VMPC One-Way Function and VMPC Encryption Technology by Bartosz Zoltak

VMPC-MAC Authenticated Encryption Scheme

1. Introduction
2. Specification of a 4-level VMPC-MAC scheme
3. Performance of the VMPC-MAC scheme
4. Best known attack against the VMPC-MAC scheme
5. Test output of the VMPC-MAC scheme

Download VMPC Encryption Technology Implementation:
VMPC Encryption Technology Implementation in C
VMPC Encryption Technology Implementation in Pascal/Delphi
VMPC Encryption Technology Implementation in Assembler

Download paper
"VMPC-MAC: A Stream Cipher Based
Authenticated Encryption Scheme":
vmpc_mac.pdf (151 KB)
vmpc_mac.ps (253 KB)
vmpc_mac.dvi (43 KB)

Paper also available at
IACR ePrint archive

1. Introduction

VMPC-MAC scheme is an algorithm for computing Message Authentication Codes (MACs) for the VMPC Stream Cipher.

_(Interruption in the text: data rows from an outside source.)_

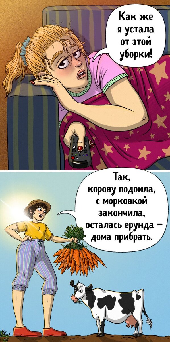 В комиксах верхняя картинка показывает жизнь мегаполиса, а нижняя — быт села или небольшого городка. Удастся ли вам узнать в героях этих иллюстраций себя, своих знакомых или д-а-а-альнюю родню.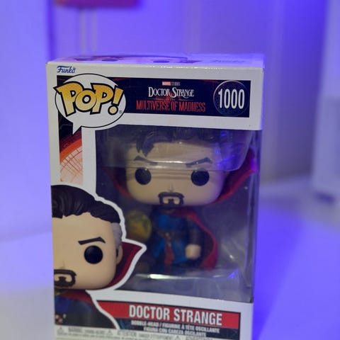 Selger Funko Pop-figuren av Doctor Strange slik han ser ut i filmen Spider-Man: No Way Home. Dette er nummer 912. Figuren kommer i original eske og viser Strange med sin ikoniske kappe (Levitation Cloak) og Eye of Agamotto.
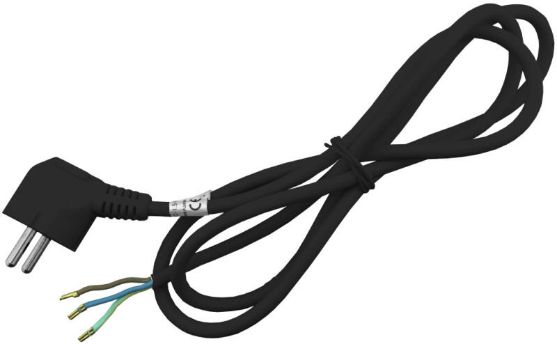 Entac Szerelhető hálózati kábel 3G1.5 1.5m Földelt Dugvillával Fekete – 3680 W teljesítmény, IP20 védelem.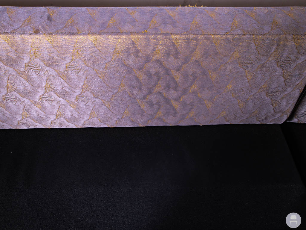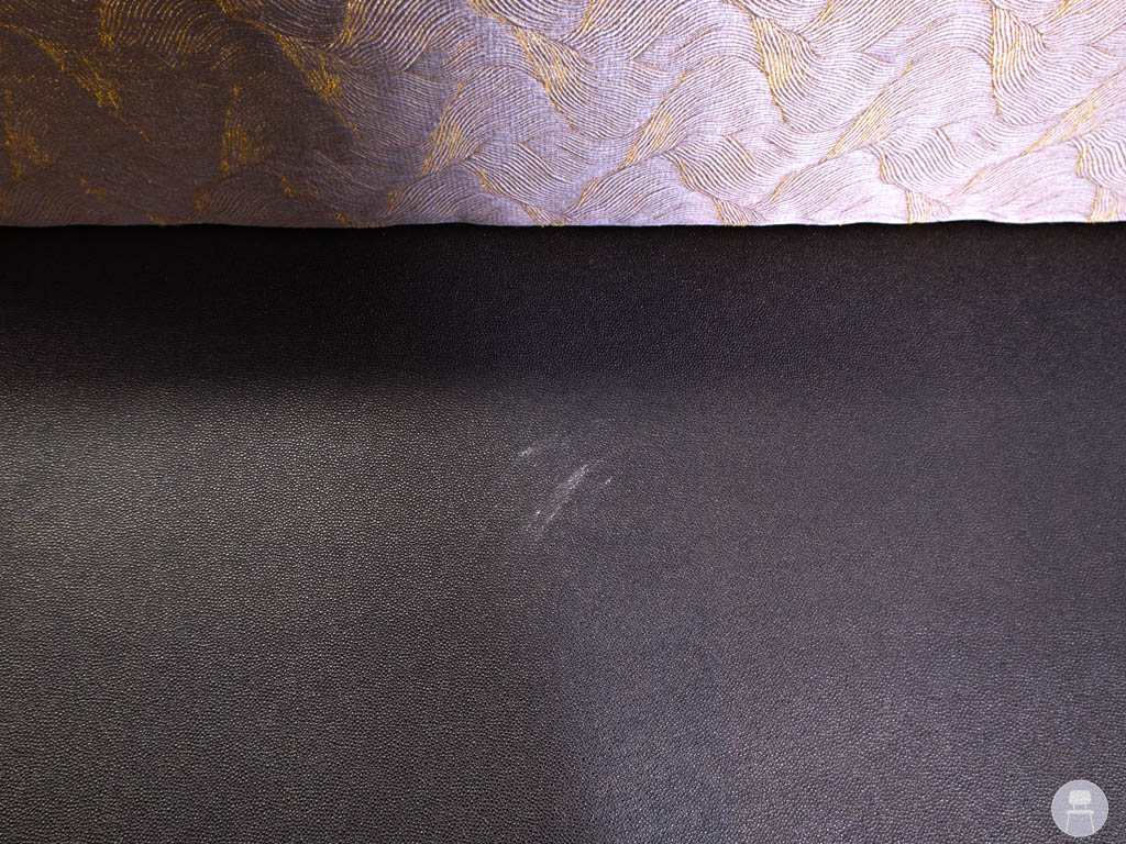 De bank is uitgevoerd met een donkere zitting en een taupe/goud rugdeel met patroon in kunstleer, wat zorgt voor een warme en chique uitstraling. Ook de achterkant is gestoffeerd, waardoor de bank vrij in de ruimte geplaatst kan worden. Het onderstel is van metaal, wat zorgt voor een stevige basis.

A MAC allows to verify whether the message output from the decryption process is exactly the same message that was encrypted (i.e. that there was no transmission error, that nobody intercepted and changed (forged) our message and that we used the correct key to decrypt the message).

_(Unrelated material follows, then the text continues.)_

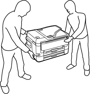 Alignement de la tête d'impression - Ce produit est lourd. Veillez à ce que son transport soit assuré par deux personnes positionnant leurs mains comme illustré :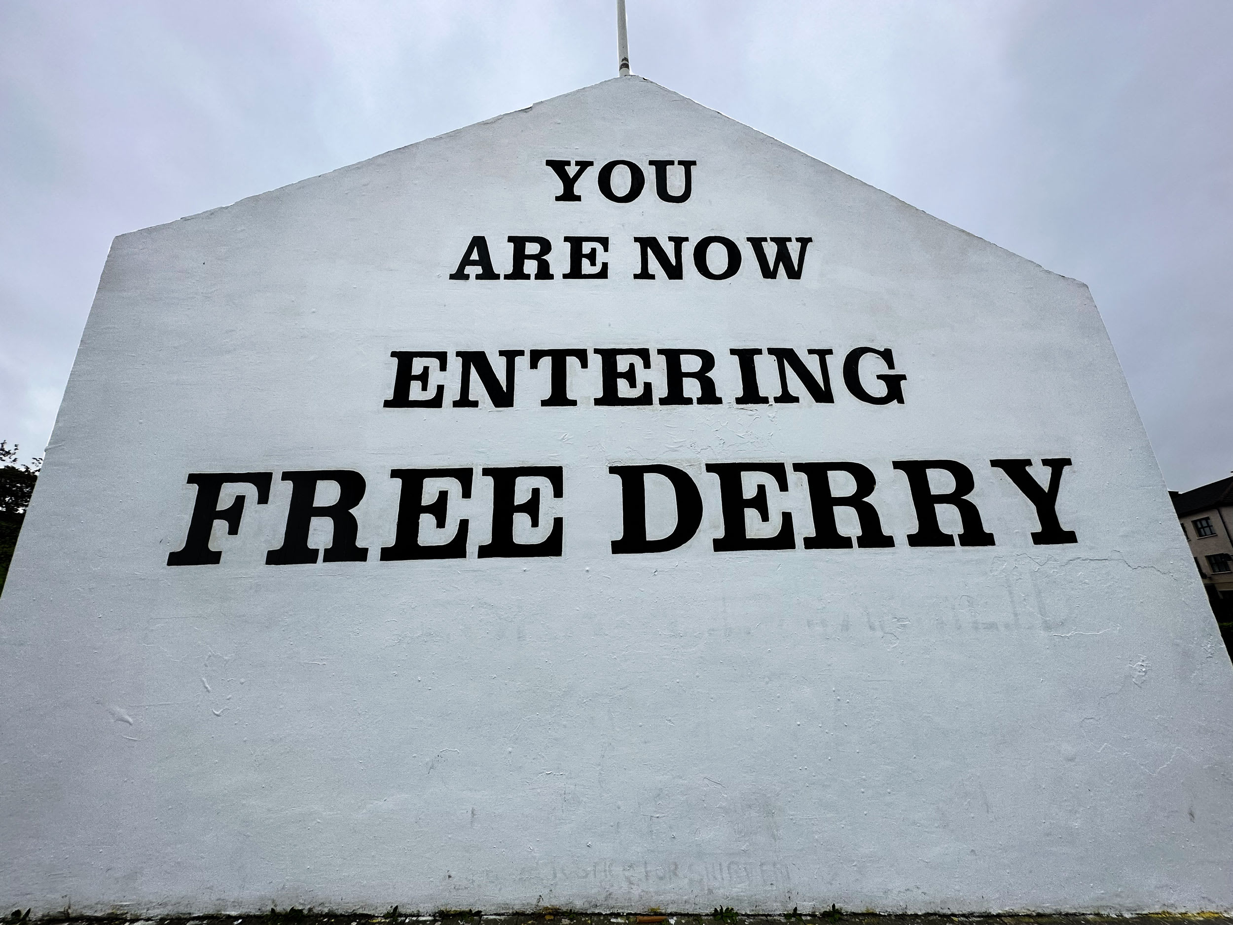 L’aria che si respira a Derri la si capisce non appena si esce da quelle mura di fortificazione, e vagando tra le vie del Bogside ci si imbatte nei murales, nelle scritte e nelle manifestazioni di sostegno all’I.R.A., perché la guerra, da queste parti, non è mai davvero finita.

According to current state of the art the VMPC-MAC scheme provides a 2^144 level of security (resistance to best found message-forgery attack) (for value 4 of the d parameter). The security level can be extended by increasing the d parameter (e.g. 5-level VMPC-MAC scheme requires an effort of 2^200 to be forged)

The VMPC-MAC employs some of the internal-state-data of the VMPC Stream Cipher (the P permutation) to compute the MAC. This allowed to simplify the design and minimize the amount of additional-to-encryption computations and achieve high performance in software implementations of the complete encrypt-and-authenticate process. Performance of the VMPC-MAC scheme reaches a rate of about 27 clock cycles / byte (about 100MBytes / second on an Intel Pentium 2,66GHz processor).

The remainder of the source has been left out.